WHAT TO WORK ON
Print all of the data below exactly as it appears, leaving out every image.

DATASET ENTRIES
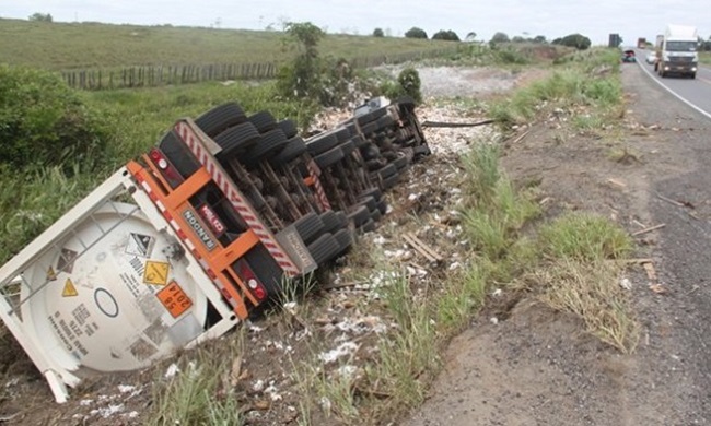 O acidente ocorreu na madrugada deste domingo (15), na altura do km 691 da rodovia, em um local conhecido como 'Curva da “Visgueira”. O produto segundo a Polícia Rodoviária Federal é altamente corrosivo, e iria descarregar na fábrica da empresa Suzano Celulose, localizada no município de Mucuri, no sul da Bahia.
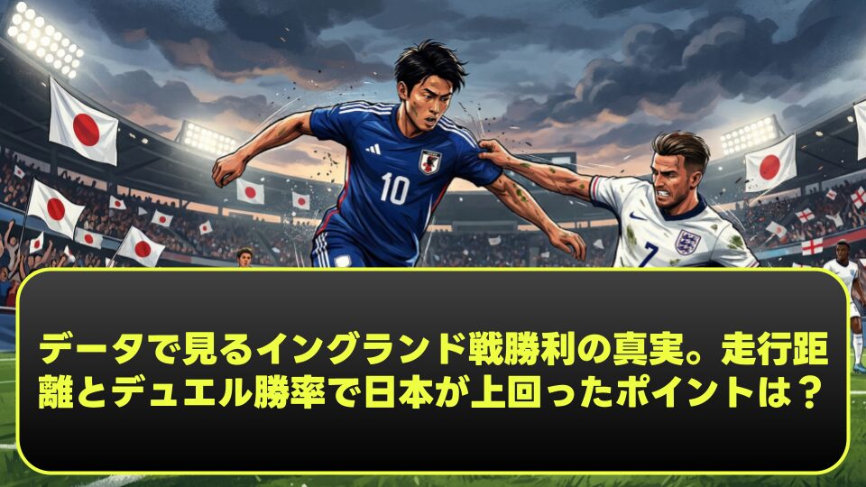 スコアは1-0。しかし、その最小得点差以上の衝撃がデータには刻まれていた。日本代表がイングランド代表を撃破した歴史的一戦において、数字が物語るのは「奇跡」ではなく「必然」としての勝利である。ボールポゼッションこそイングランドに譲ったものの、走行距離、スプリント回数、そして何より中盤でのデュエル勝率において、日本は欧州の強豪を圧倒した。本稿では、Optaや各種スタッツに基づき、なぜ日本がイングランドの猛攻を耐え抜き、勝利を手にすることができたのか、その「真実」を数字から徹底解剖する。
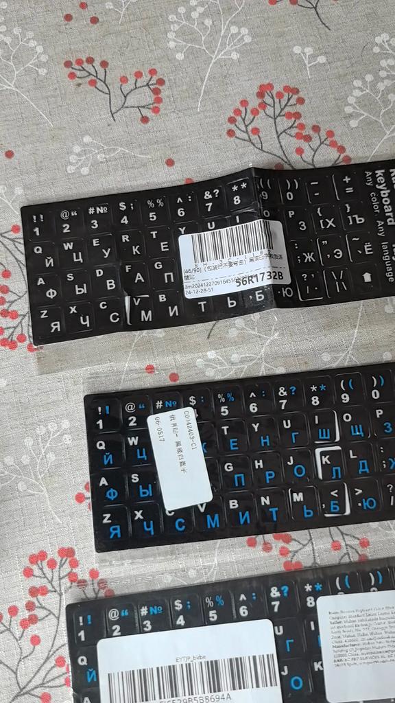 The adhesion quality is terrible! At first, everything seemed fine: I thoroughly degreased the keyboard keys, applied the stickers. But after applying a silicone overlay on top of the keyboard and working on the computer for a short time, almost all the letters peeled off. The material is rather rigid and not plastic. I would even say - elastic: the sticker on a slightly concave surface of the key tries to return to its natural state - that is, to become completely flat, and due to this, it constantly peels off, even after periodic constant pressing of the sticker onto the button. I do not recommend it. It is better to buy stickers from our domestic Ukrainian manufacturer. No offense!
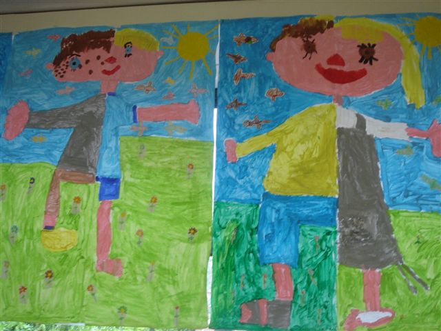 Op het einde van ons thema kregen onze schilderwerkjes een plaats in onze klas en dan werd alles nog eens besproken. Wie zijn linkerkant is er hier geschilderd? Van wie is de rechterkant? Hoe zit het met de bloemetjes en de vogeltjes aan de linkerkant, aan de rechterkant? We trachtten zo goed mogelijk te verwoorden hoeveel bloemetjes er werden getekend, hoeveel vogeltjes,... Hier stond omgaan en begrijpen van rekentaalbegrippen centraal (1 meer, 1 minder, 2 meer, 2 minder)
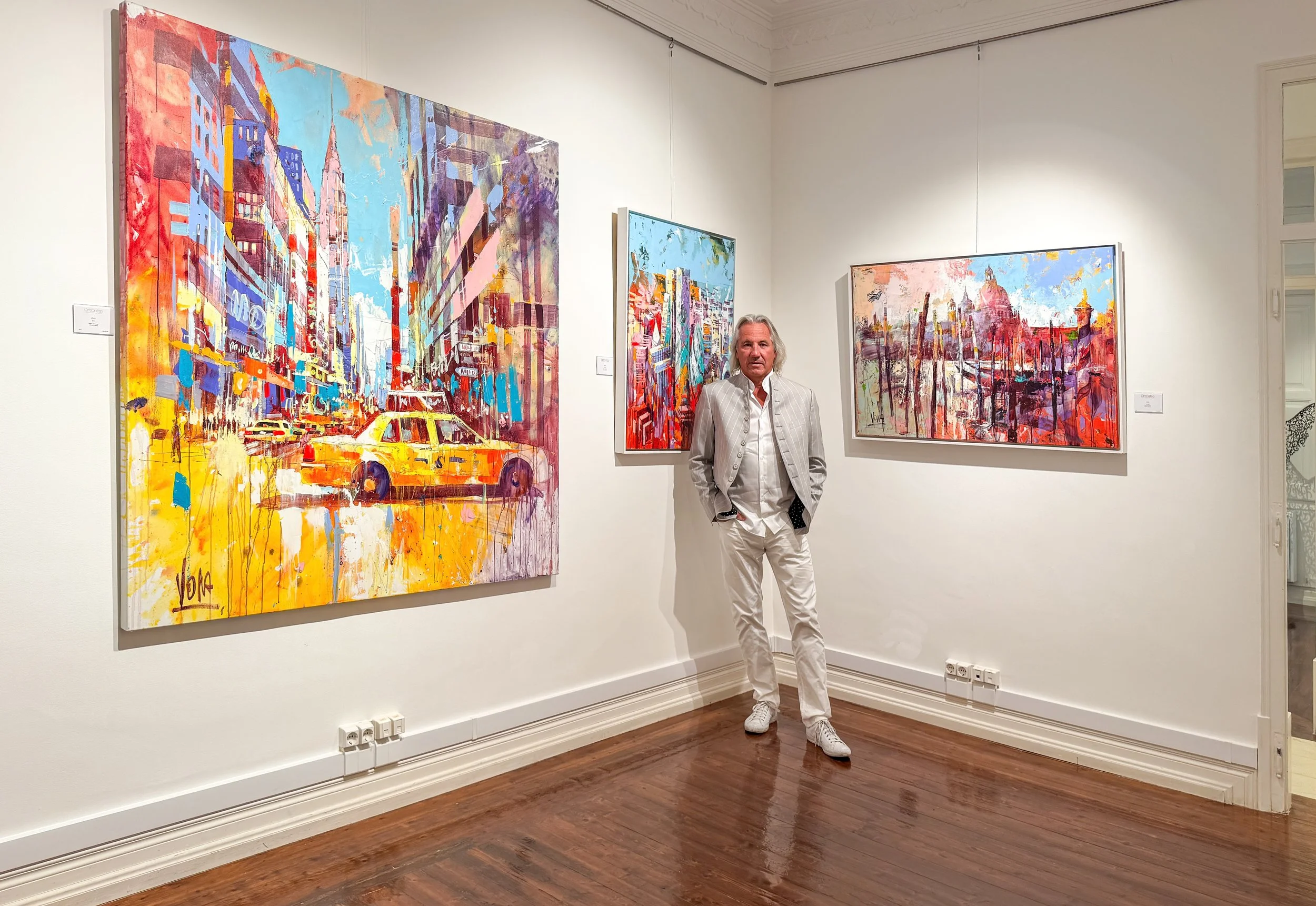 It was a brilliant kickoff for Vokas extravagant art, at his first exhibition in the Art Metropole Paris. When he coined the term ' spontaneous realism ' for his dynamic and strong couloured paintings a few years ago , he could not imagine the international attention he would had. In addition to the successful exhibitions in Hamburg and Miami, now the next stop ist the art capital Paris. The gallery Ariel Sibony , is one of the most prestigious addresses at Place des Vosges, the well-known hot spot of the French art scene.
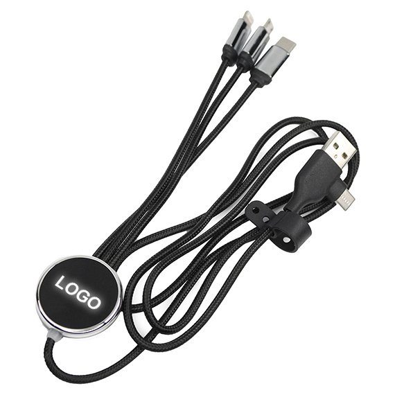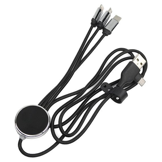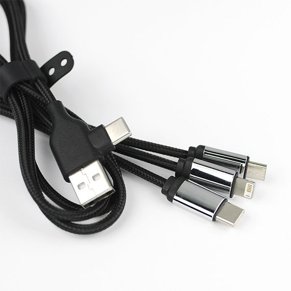 Käytännöllinen 4 in 1 latauskaapeli. Piuhojen liittymäkohdassa on erinomainen paikka logolle – kaiverruskohtaan osuva LED-valo heijastaa logon näyttävästi. Sisältää seuraavat latauspäät: USB+Type-C 2in1, Micro-USB, Type C, Lightning. Kaapelin kokonaispituus 120 cm.

RESULT FOR THIS TASK
 O acidente ocorreu na madrugada deste domingo (15), na altura do km 691 da rodovia, em um local conhecido como 'Curva da “Visgueira”. O produto segundo a Polícia Rodoviária Federal é altamente corrosivo, e iria descarregar na fábrica da empresa Suzano Celulose, localizada no município de Mucuri, no sul da Bahia.
 スコアは1-0。しかし、その最小得点差以上の衝撃がデータには刻まれていた。日本代表がイングランド代表を撃破した歴史的一戦において、数字が物語るのは「奇跡」ではなく「必然」としての勝利である。ボールポゼッションこそイングランドに譲ったものの、走行距離、スプリント回数、そして何より中盤でのデュエル勝率において、日本は欧州の強豪を圧倒した。本稿では、Optaや各種スタッツに基づき、なぜ日本がイングランドの猛攻を耐え抜き、勝利を手にすることができたのか、その「真実」を数字から徹底解剖する。
 The adhesion quality is terrible! At first, everything seemed fine: I thoroughly degreased the keyboard keys, applied the stickers. But after applying a silicone overlay on top of the keyboard and working on the computer for a short time, almost all the letters peeled off. The material is rather rigid and not plastic. I would even say - elastic: the sticker on a slightly concave surface of the key tries to return to its natural state - that is, to become completely flat, and due to this, it constantly peels off, even after periodic constant pressing of the sticker onto the button. I do not recommend it. It is better to buy stickers from our domestic Ukrainian manufacturer. No offense!
 Op het einde van ons thema kregen onze schilderwerkjes een plaats in onze klas en dan werd alles nog eens besproken. Wie zijn linkerkant is er hier geschilderd? Van wie is de rechterkant? Hoe zit het met de bloemetjes en de vogeltjes aan de linkerkant, aan de rechterkant? We trachtten zo goed mogelijk te verwoorden hoeveel bloemetjes er werden getekend, hoeveel vogeltjes,... Hier stond omgaan en begrijpen van rekentaalbegrippen centraal (1 meer, 1 minder, 2 meer, 2 minder)
 It was a brilliant kickoff for Vokas extravagant art, at his first exhibition in the Art Metropole Paris. When he coined the term ' spontaneous realism ' for his dynamic and strong couloured paintings a few years ago , he could not imagine the international attention he would had. In addition to the successful exhibitions in Hamburg and Miami, now the next stop ist the art capital Paris. The gallery Ariel Sibony , is one of the most prestigious addresses at Place des Vosges, the well-known hot spot of the French art scene.
 Käytännöllinen 4 in 1 latauskaapeli. Piuhojen liittymäkohdassa on erinomainen paikka logolle – kaiverruskohtaan osuva LED-valo heijastaa logon näyttävästi. Sisältää seuraavat latauspäät: USB+Type-C 2in1, Micro-USB, Type C, Lightning. Kaapelin kokonaispituus 120 cm.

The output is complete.